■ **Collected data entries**
============================================================
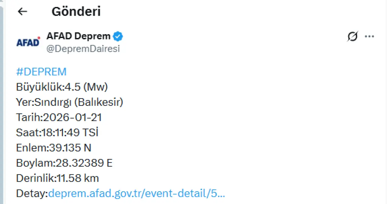 Afet ve Acil Durum Yönetimi Başkanlığı (AFAD), Balıkesir’in Sındırgı ilçesinde 4,5 (Mw) büyüklüğünde bir depremin meydana geldiğini açıkladı. Korkutan deprem, 21 Ocak 2026 tarihinde saat 18.11.49 TSİ’de kaydedildi.
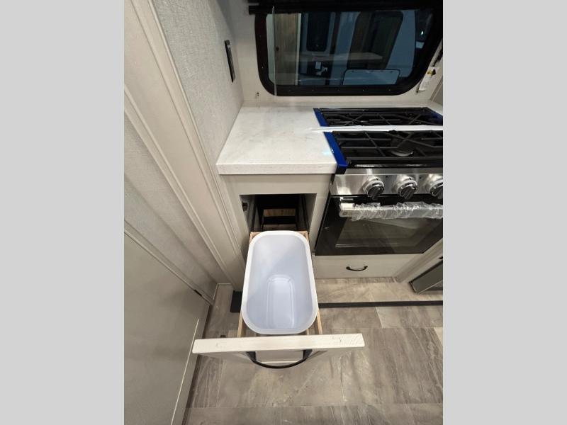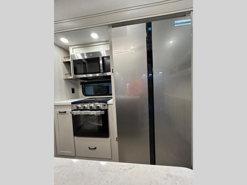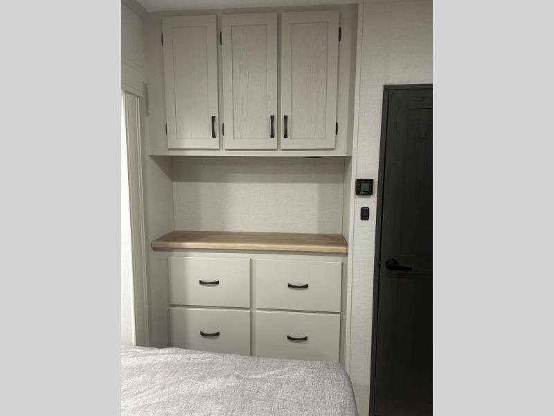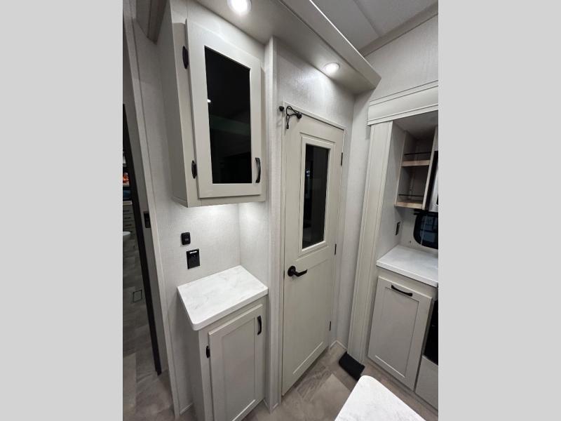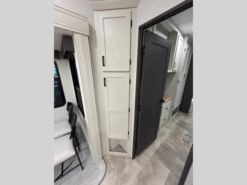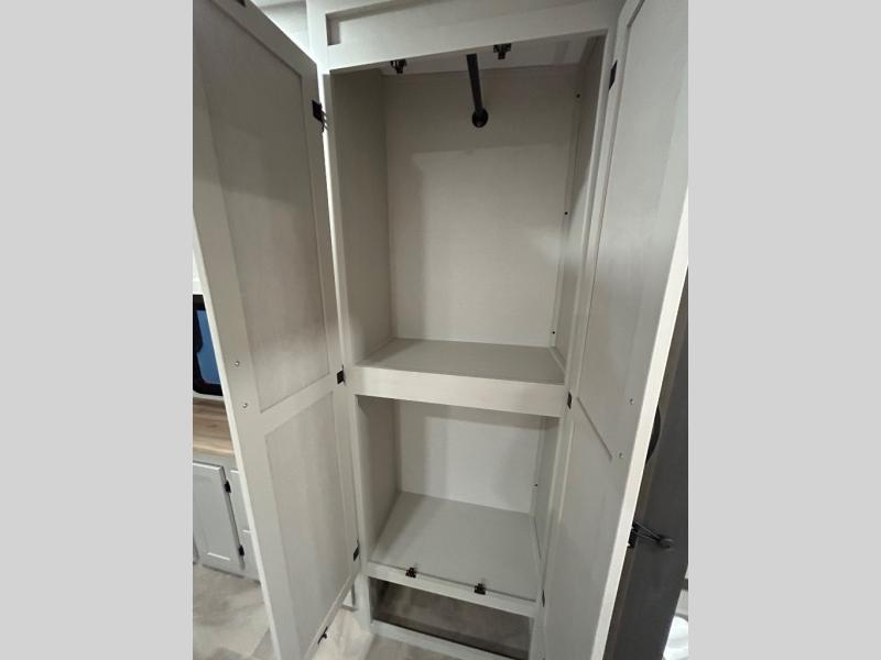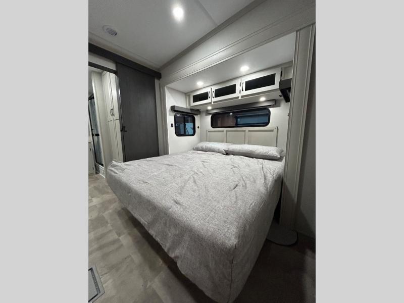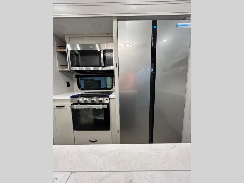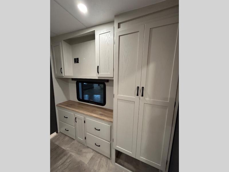 Camping or full-timing in this spacious fifth wheel will make the whole family happy. Your crew will love to visit in the front living area that included two tri-fold hide-a-bed sofas, theatre seating with a side table, plus an entertainment center for a 50" 4K Smart LED TV. The kitchen is any chef's dream with its kitchen island, large pantry, plus a hutch to store nice dishes, and stainless steel appliances. And the free-spanning table will allow you to dine just like you do at home. Head to the master suite to find a king bed slide out, two dressers, plus a full rear bath with dual bath sinks!
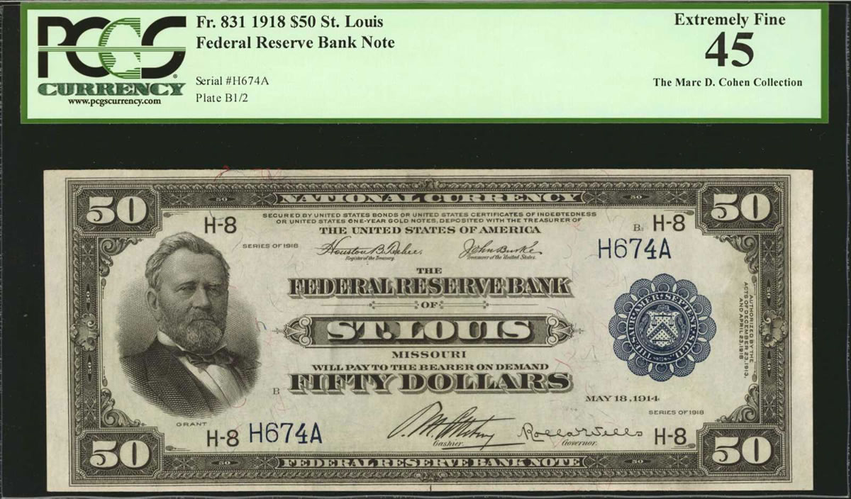 Among large size notes, a PCGS Currency Extremely Fine 45 graded Fr. 831 $50 Federal Reserve Bank Note from St. Louis realized $30,000, while, $26,400 was the high bid for a PCGS Currency Very Choice New 64 PPQ graded Fr.127 1869 $20 "Rainbow" Legal Tender Note.
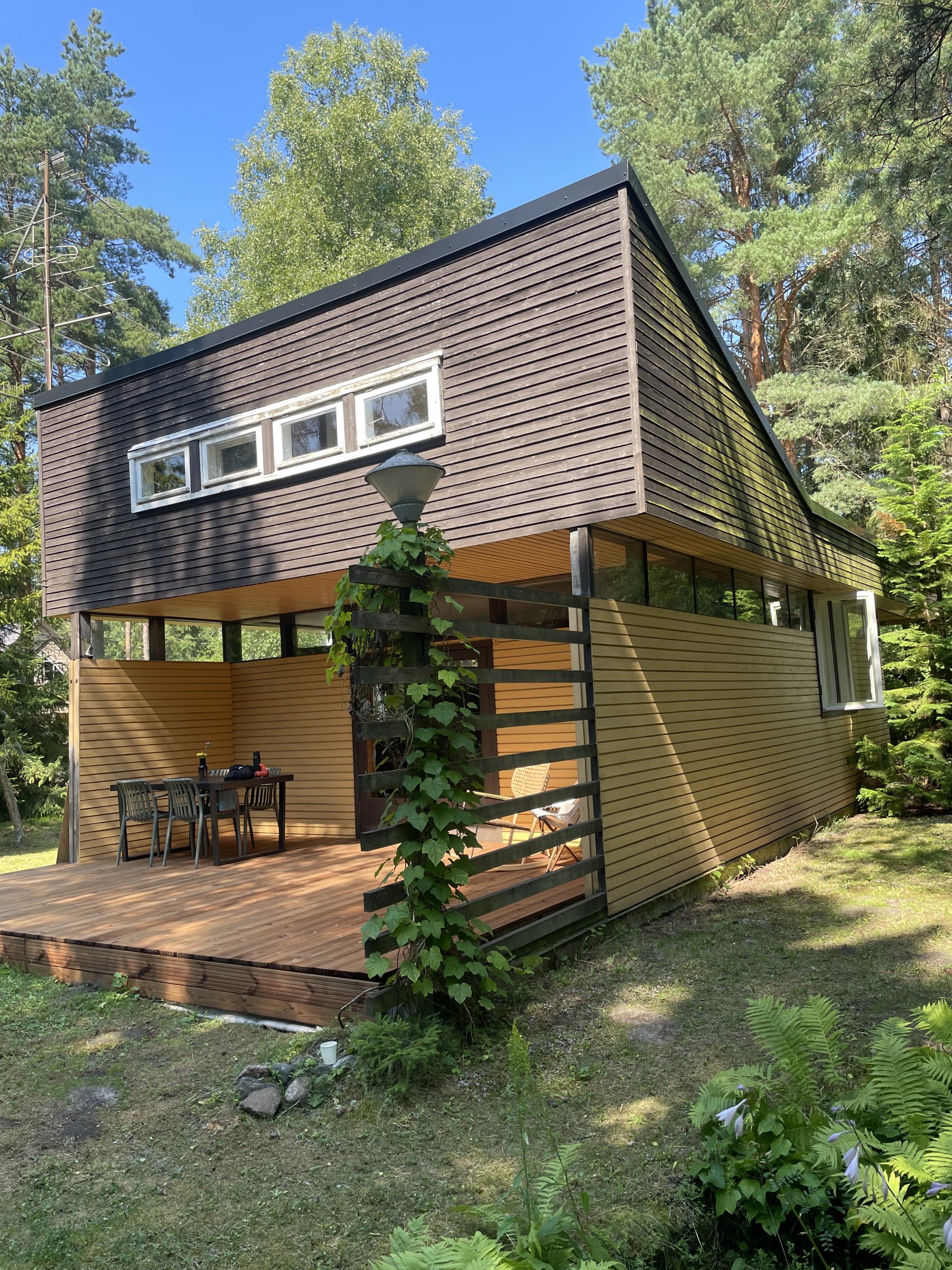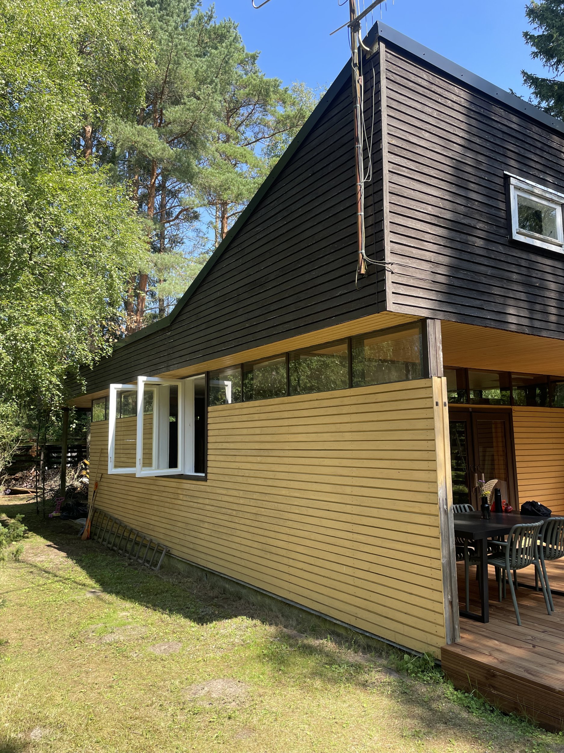 Suvila fassaadi värvimine kahe erineva tooniga. Praegune kollane osa tumeroheliseks ja praegune tumepruun osa mustaks.
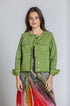 Turtle Green Collarless Jean Jacket With Frayed Detail
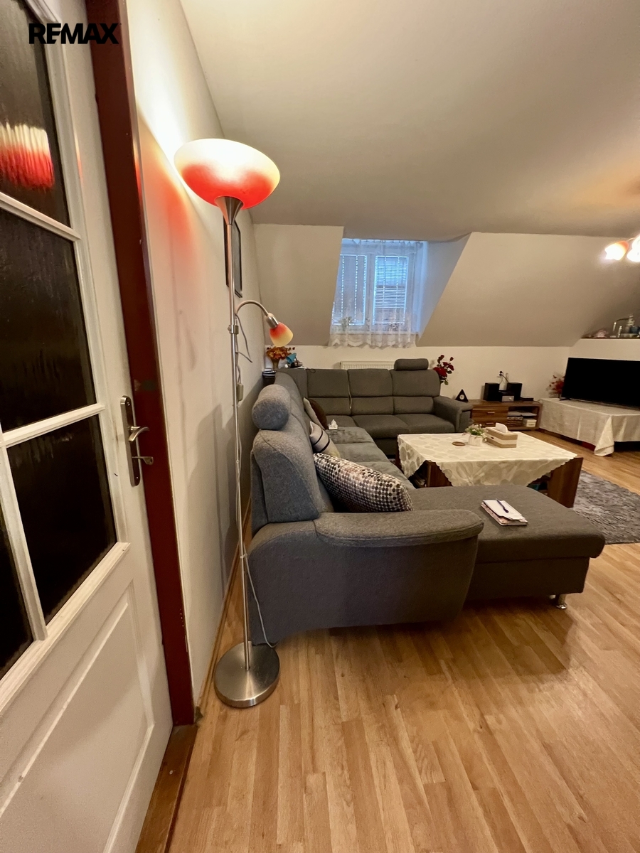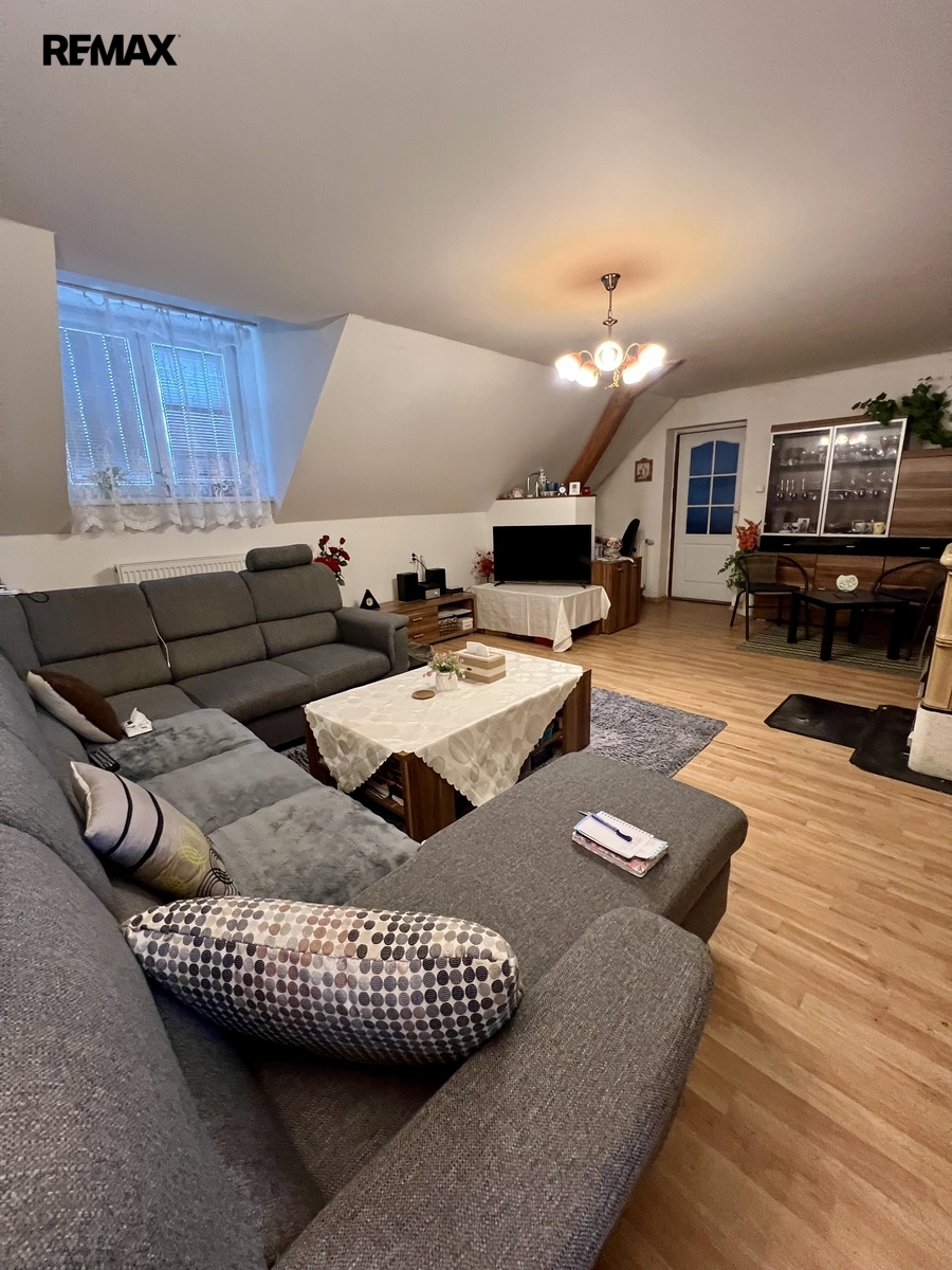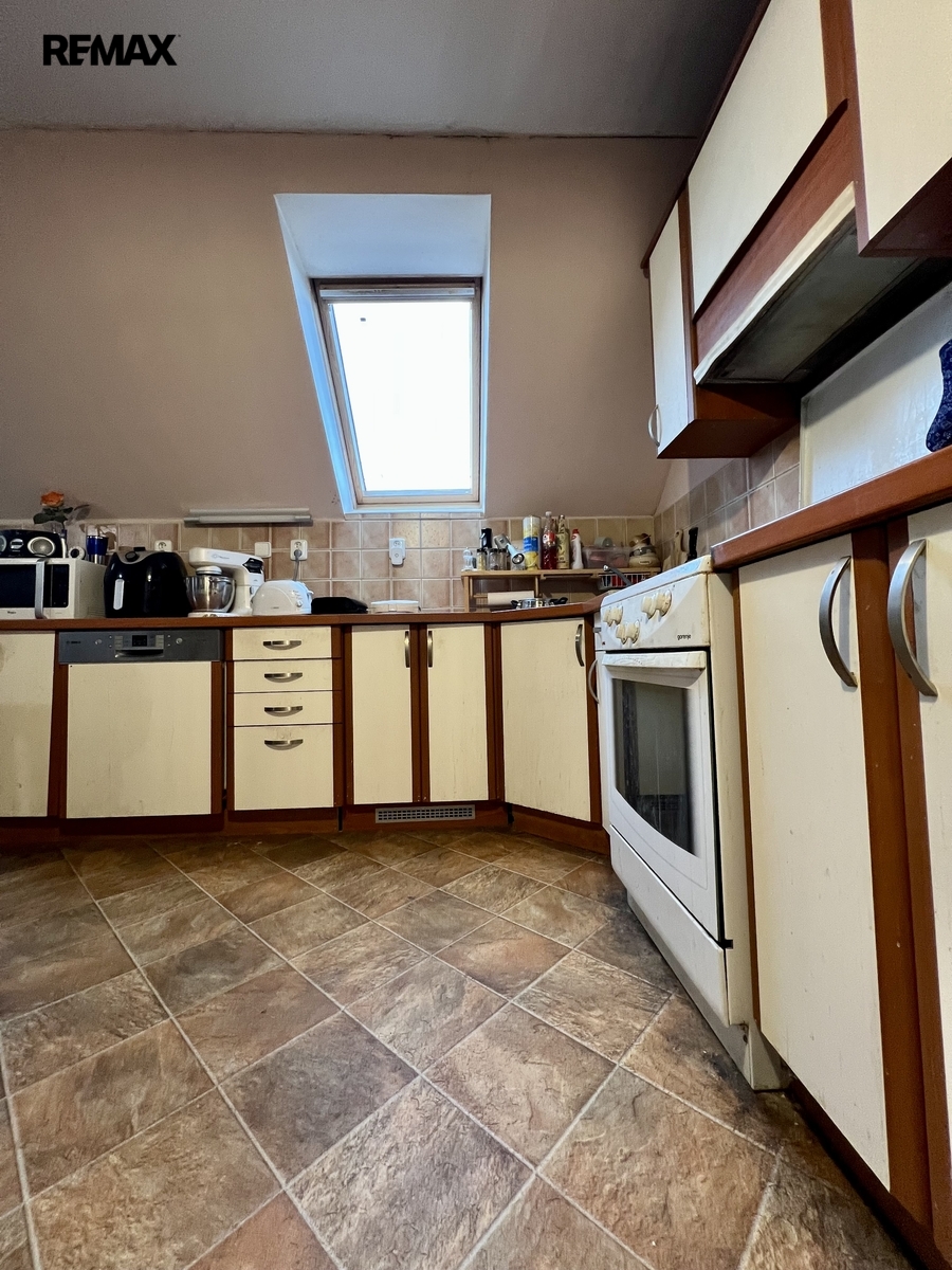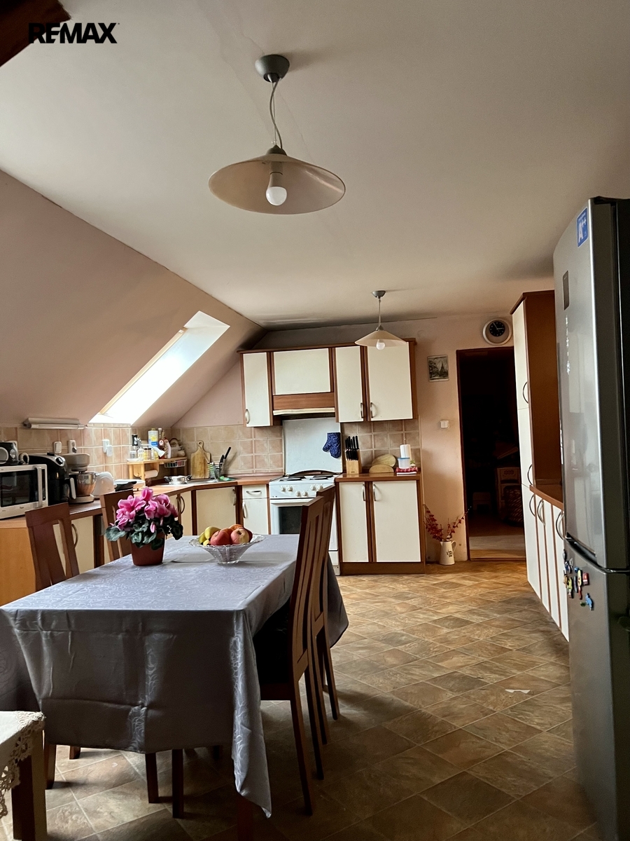 V patře vznikla při rekonstrukci v roce 2007 prostorná bytová jednotka o velikosti cca 140 m². Nabízí světlý obývací pokoj, velkou kuchyň s jídelnou, dva pokoje, koupelnu, šatnu i balkon. Díky tomu můžete bydlet ihned a spodní část domu postupně přizpůsobit svým představám.
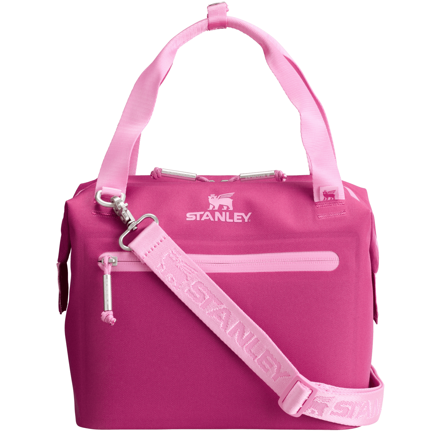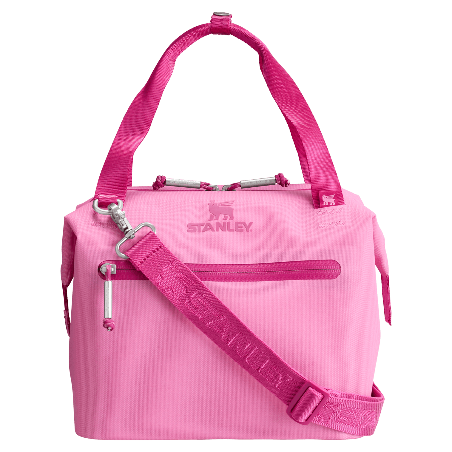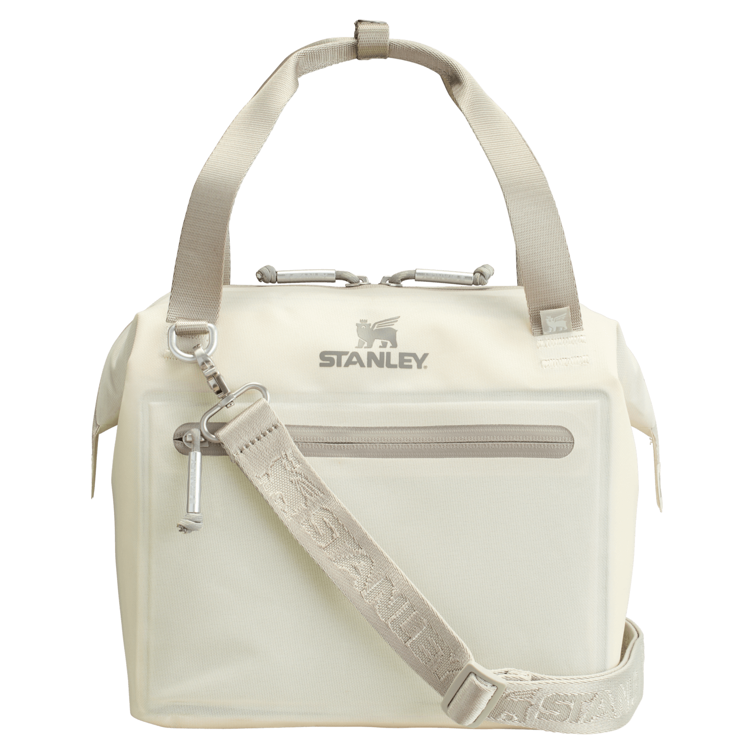 Keeps drinks cold for 12 hours. Fits 10 cans, easy to pack, and ready to go hands-free or handheld.
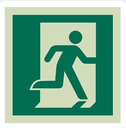 Running Man sign (to right). Self-adhesive. 150x150mm. Photoluminescent.
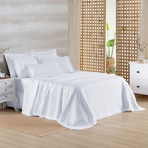 Inclui capas de travesseiro que combinam com a colcha, proporcionando uma aparência harmoniosa e completa ao seu espaço. Compatível com máquina de lavar, facilita a rotina de cuidados, mantendo a beleza e a qualidade do produto sempre intactas. Contém: 01 Cobre leito 2.60m x 2.40m 02 Porta Travesseiros 80cm x 55cm medida util 70cm x 50cm Composição Superior e Inferior Micropercal 200 fios 100% Poliéster Enchimento 100% Poliéster
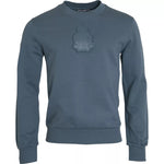 Dolce & Gabbana Blue Cotton Logo Patch Crew Neck Men Pullover Sweater
============================================================
Return every record exactly, minus the pictures.

 Afet ve Acil Durum Yönetimi Başkanlığı (AFAD), Balıkesir’in Sındırgı ilçesinde 4,5 (Mw) büyüklüğünde bir depremin meydana geldiğini açıkladı. Korkutan deprem, 21 Ocak 2026 tarihinde saat 18.11.49 TSİ’de kaydedildi.
 Camping or full-timing in this spacious fifth wheel will make the whole family happy. Your crew will love to visit in the front living area that included two tri-fold hide-a-bed sofas, theatre seating with a side table, plus an entertainment center for a 50" 4K Smart LED TV. The kitchen is any chef's dream with its kitchen island, large pantry, plus a hutch to store nice dishes, and stainless steel appliances. And the free-spanning table will allow you to dine just like you do at home. Head to the master suite to find a king bed slide out, two dressers, plus a full rear bath with dual bath sinks!
 Among large size notes, a PCGS Currency Extremely Fine 45 graded Fr. 831 $50 Federal Reserve Bank Note from St. Louis realized $30,000, while, $26,400 was the high bid for a PCGS Currency Very Choice New 64 PPQ graded Fr.127 1869 $20 "Rainbow" Legal Tender Note.
 Suvila fassaadi värvimine kahe erineva tooniga. Praegune kollane osa tumeroheliseks ja praegune tumepruun osa mustaks.
 Turtle Green Collarless Jean Jacket With Frayed Detail
 V patře vznikla při rekonstrukci v roce 2007 prostorná bytová jednotka o velikosti cca 140 m². Nabízí světlý obývací pokoj, velkou kuchyň s jídelnou, dva pokoje, koupelnu, šatnu i balkon. Díky tomu můžete bydlet ihned a spodní část domu postupně přizpůsobit svým představám.
 Keeps drinks cold for 12 hours. Fits 10 cans, easy to pack, and ready to go hands-free or handheld.
 Running Man sign (to right). Self-adhesive. 150x150mm. Photoluminescent.
 Inclui capas de travesseiro que combinam com a colcha, proporcionando uma aparência harmoniosa e completa ao seu espaço. Compatível com máquina de lavar, facilita a rotina de cuidados, mantendo a beleza e a qualidade do produto sempre intactas. Contém: 01 Cobre leito 2.60m x 2.40m 02 Porta Travesseiros 80cm x 55cm medida util 70cm x 50cm Composição Superior e Inferior Micropercal 200 fios 100% Poliéster Enchimento 100% Poliéster
 Dolce & Gabbana Blue Cotton Logo Patch Crew Neck Men Pullover Sweater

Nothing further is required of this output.